After a year of back and forth, Counter-Strike: Global Offensive team Windigo has finally received its prize from the WESG 2018 Finals. 

Windigo’s founder and owner, Artur Yermolayev, told HLTV that the team’s share of the $500,000 prize pool had been wired to the players. He also told the CSGO site that he was happy the matter had finally been settled. 

This is a long-time coming for Windigo, who was acually forced into shutting down due to a lack of cash flow related to various tournament organizers not giving them their prize money. This didn’t only include their share of WESG’s $500,000 prize pool, but $40,000 from MocheXL, $6,000 from ESL Pro League Season 9, and another $6,000 from Season 10. 

According to a Reddit post from Windigo co-owner Maksym Bednarskyi, they had been waiting for the money from WESG for 229 days by the time they decided to shut down the organization. The deadline for the WESG transfer was October 8, but they didn’t get a reply about the sitaution. 

“[The organizations that played in WESG] should gather to solve this problem together because players shouldn’t suffer because of such things,” Bednarskyi said. 

The Chinese organizer left a comment on the Reddit post, discussing their side of the situation. Apparently, their team had been working “tirelessly” to pay out the prize money to all 166 winners of the Grand Final. They admitted it’s a challenge to complete foreign transactions due to Chinese banks’ strict requirements. At the time, they had eight unresolved payments of the 166, which they claimed they were “prioritizing, to make sure the prize money gets in the hands of these players.” 

“Contrary to Maksym’s claim, we have been in contact with Windigo via email and specifically in the last 30 days on October 8, 16, 25, and 28. Screencaps of email exchanges can be provided if requested by Windigo. We have tried sending payments to Windigo several times but have been unsuccessful due to one main reason: Windigo’s banking information, tax filing information, and company registration are from three seperate countries. Combined with the fact that we’re trying to wire a large amount of half a million USD, this has raised red flags on the bank and government level. We will do all we can to work with Windigo to resolve this issue,” they wrote. 

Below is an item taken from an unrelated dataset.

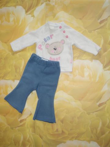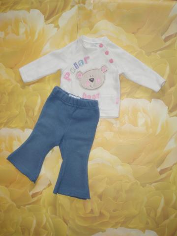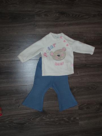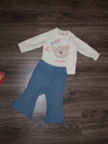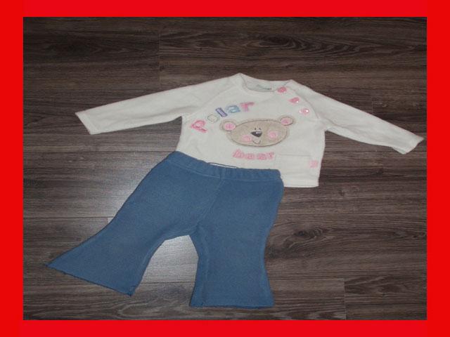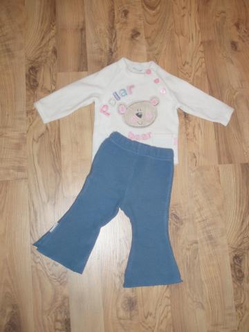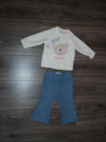 Šiltas megztukas kūdikiui. Rankovyčių ilgis ~ 30cm (rankovytės viršus) ir ~ 17 cm (rankovytės apačia - nuo pažasties), megztuko ilgis ~ 32cm, megztuko apačia ~ 52cm, per liemenį ~ 55cm. Kelnyčių ilgis ~ 41cm, vidinio rieto ilgis nuo klyno ~ 24cm, iki klyno ~ 18cm. Per liemenį ~ 36cm (dar tempiasi). Kelnyčių dydį rašo 74. Papildomos sąlygos: + siuntimas 2LT (papr.), 4LT (reg.)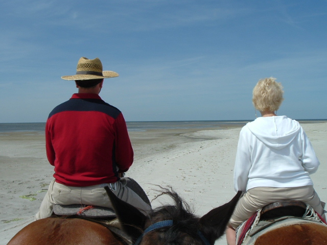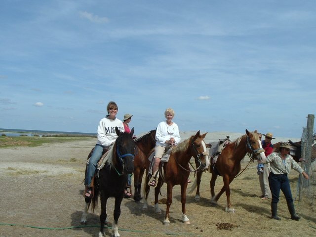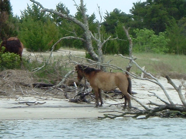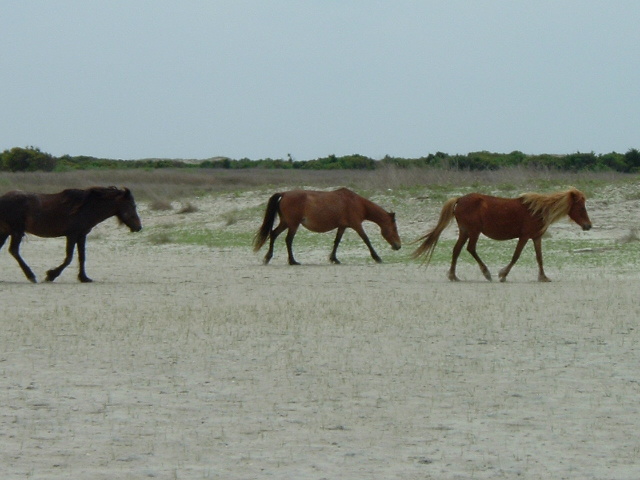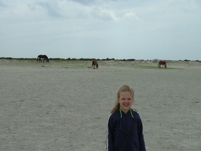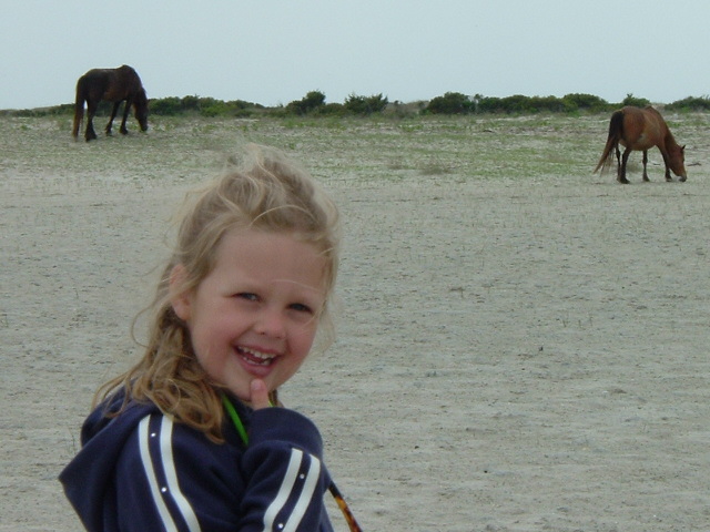 The wild Spanish Mustangs of Shackleford Banks They got pretty close Even too close They like to eat the Marsh Grass They travel in Harems with one stallion to many mares Mimi & Kate enjoy the peace of the beach and the sand between their toes.........

Bednarskyi demanded they set up a transfer deadline publicly. 

“I had to cease operations so you started to do something. GJ,” he wrote to WESG. 

The players who will finally be receiving their share of the $500,000 have all taken different paths within CSGO esports. Star players Valentin “poizon” Vasilev and Georgi “SHiPZ” Grigorov went to Complexity Gaming and CR4ZY, a squad that was later sold to c0ntact. SMASH signed Kamen “bubble” Kostadinov and BLUEJAYS signed Yanko “blocker” Panov. Viktor “v1c7oR” Dyankov is a free agent, but has been competing online. 
While the CSGO community has been consistently sympathetic for the players who had to wait so long for their prize money, it’s been a different story for Windigo. Many CSGO fans pointed out that the organization had attempted to sell their team and coaches on Reddit a year ago. The post was called “Bulgarian Squad for Sale,” and asked interested organizations to contact them if they were “interested in buying out a team with slots to WESG, ESL Pro League, and UML.”